Archivist are now faced with mass amounts of digitally born medias, many of which are in need of preservation. In 2010, Web 2.0 practices have become part of our every day life, with about 3/4 of the estimated 142 million American Web users engaging in some form of social media interaction. Web 2.0 applications are now an essential aspect in our society, our culture, our economics and now our history. The World Wide Web can be seen in an evolving organic manner. Transforming and reconfiguring our concepts of communities. Users participate together in a form of collective intelligence, there is a synergy between users, a community. This “community” is never more prevalent than
in users of weblogs and Twitter, which is now called “the blogosphere.” (Baudoin, 2008)
Weblogging and “microblogging” as on Twitter– can be seen as the “digital” form of diaries, personal journals, private letters–all of which are significant to our cultural memory. These items offer glimpses into a moment in time and space, and can provide a consistent and reliable form of information regarding our history and past–but only if we preserve it now. These resource will provide future researchers a greater understanding of life in the late 20th and early 21st centuries.

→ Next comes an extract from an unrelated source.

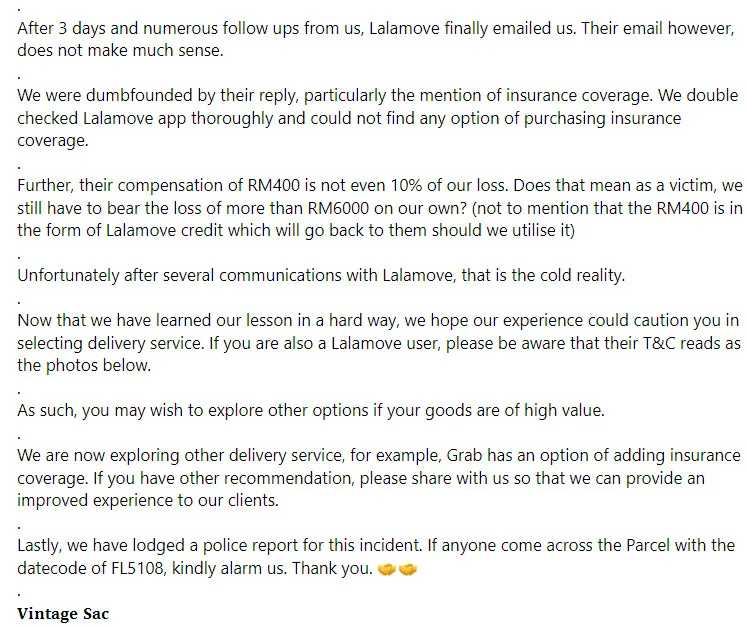 Furthermore, the admin of the Facebook account said that the parcel delivery service only offered a compensation of RM400, which only makes up 10% of their loss. “Does that mean as a victim, we still have to bear the loss of more than RM6000 on our own? Not to mention that the RM400 is in the form of Lalamove credit which will go back to them should we utilise it. Unfortunately after several communications with Lalamove, that is the cold reality,” they added in their post.

The creators of the World Wide Web are seen as innovators of information access. Believers of information for all, as Derek M. Powazek states in his essay, What The Hell is a Weblog and Why Won’t they Leave Me Alone? featured in the book we’ve got blog, “This was the anti-television. Digital democracy.” (3) In the late 90s, when weblogs started to emerge on the web, opening up a wealth of persona
l expression to whoever had access and means to a computer and the will to express whatever they wanted whenever they wanted. The weblog arena quickly became a community of links, information and of personal opinion geared toward a participatory interactive public.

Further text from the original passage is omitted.